No momento, estima-se que apenas 1% dos metais de terras raras seja
reciclado. E, à medida que avançamos em direção a um futuro sem
combustível fóssil, precisaremos cada vez mais destes materiais para
manter um sistema cada vez mais dependente de energia elétrica.
"À
medida que as economias se eletrificam, a demanda por baterias
aumenta", disse Josh Lepawsky, especialista da Universidade de
Newfoundland, no Canadá, responsável pelo mapeamento de lixo eletrônico.

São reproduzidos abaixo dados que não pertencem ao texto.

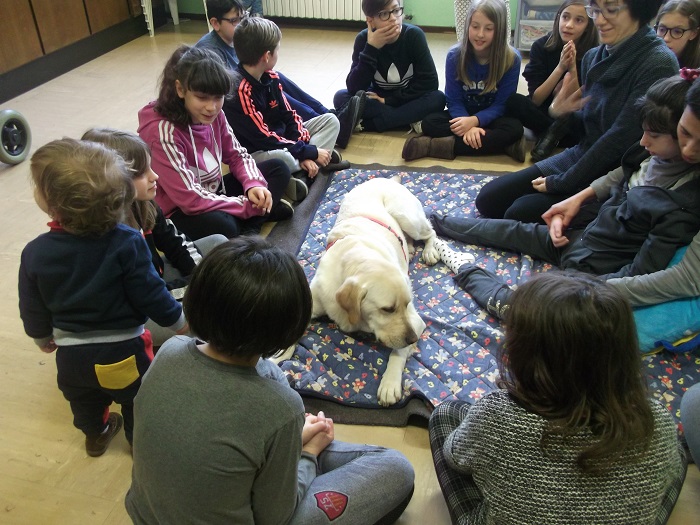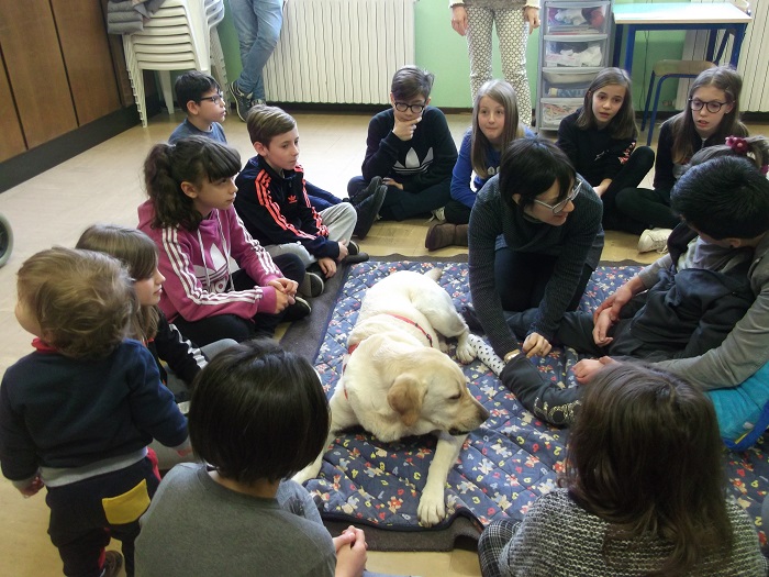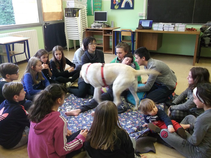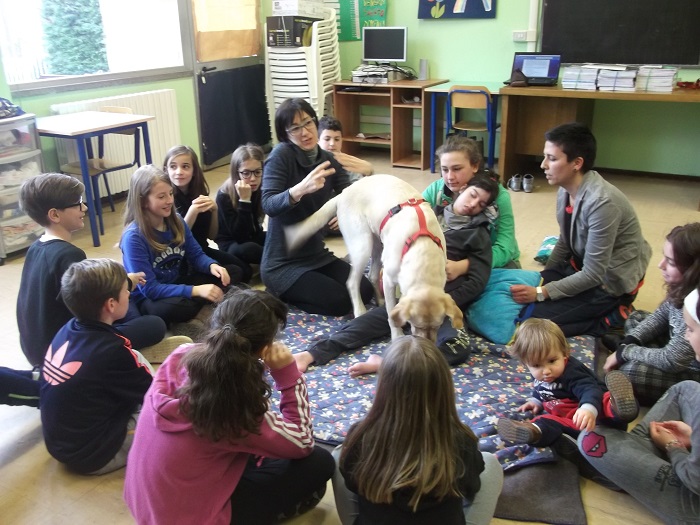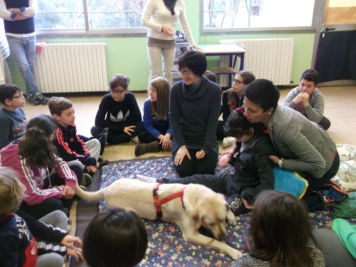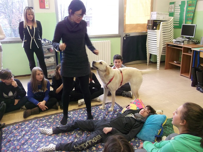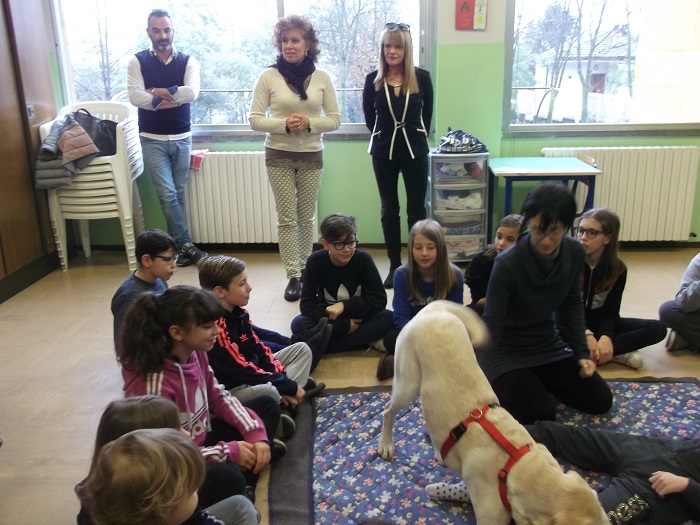 la consegna dell'assegno, dell'importo di 800 euro, da parte dei Lions Club di Omegna alla scuola elementare di Cireggio per il progetto di Pet Therapy partito da qualche settimana. "Abbiamo migliaia di richieste- le parole di Maura Cerutti presidente dei Lions di Omegna- ma questa è stata accettata con grande entusiasmo". Per due volte a settimana, e per un totale di venti ore, Kira, un Labrador di tre anni, entra in classe dove socializza con una bambina disabile, Sofia, entrando in contatto con lei. "Quando si aiuta una persona- continua Maura Cerutti- non si cambia il Mondo intero ma cambia il Mondo di questa persona". Le lezioni con Kira vedono la presenza anche di due educatrici, Laura D'Amelio e Alessio Olivetti, e di un compagno di classe di Sofia che cambia di volta in volta. "Il cane- spiega Alessia Olivetti- non sente la disabilità di Sofia come qualcosa di negativo e gli altri ragazzi capiscono che la diversità non è un qualcosa di cui aver paura o di brutto". "Per quest'anno- aggiunge la coordinatrice della scuola Paola Marchi- il progetto riguarda solo la classe di Sofia ma visti gli ottimi risultati che stiamo ottenendo, speriamo di poterlo allargare a tutte le classi". "Le prime lezioni- conclude Alessia Olivetti- sono servite per stabilire una corretta relazione tra i bambini e il cane. E' intervenuta una veterinaria comportamentista per un corretto approccio al cane".

"Há enormes questões em aberto sobre como a descarbonização por
intermédio da eletrificação será equilibrada em relação aos danos
ambientais causados na extração de recursos."
Mudança nas mãos dos fabricantes
Do
lado do consumidor, existem alternativas para as grandes marcas de
smartphones. A Fairphone, por exemplo, tenta obter materiais de forma
mais sustentável e projetar produtos com uma vida útil mais longa e mais
fáceis de serem consertados.
Mas com as pessoas acostumadas a
designs inovadores, telas sensíveis ao toque e as principais empresas
envolvidas na produção de intrincados dispositivos repletos de elementos
químicos, as marcas como Apple e Samsung precisam fazer mais, segundo
Lepawsky.
"Podemos entrar num loja e escolher entre uma variedade
de modelos, mas a química subjacente a esses modelos é muito
semelhante", disse Lepawsky. "São os fabricantes que estão em posição de
mudar essa química. Portanto, a ideia de mudança impulsionada pelo
consumidor é quase um conceito sem sentido."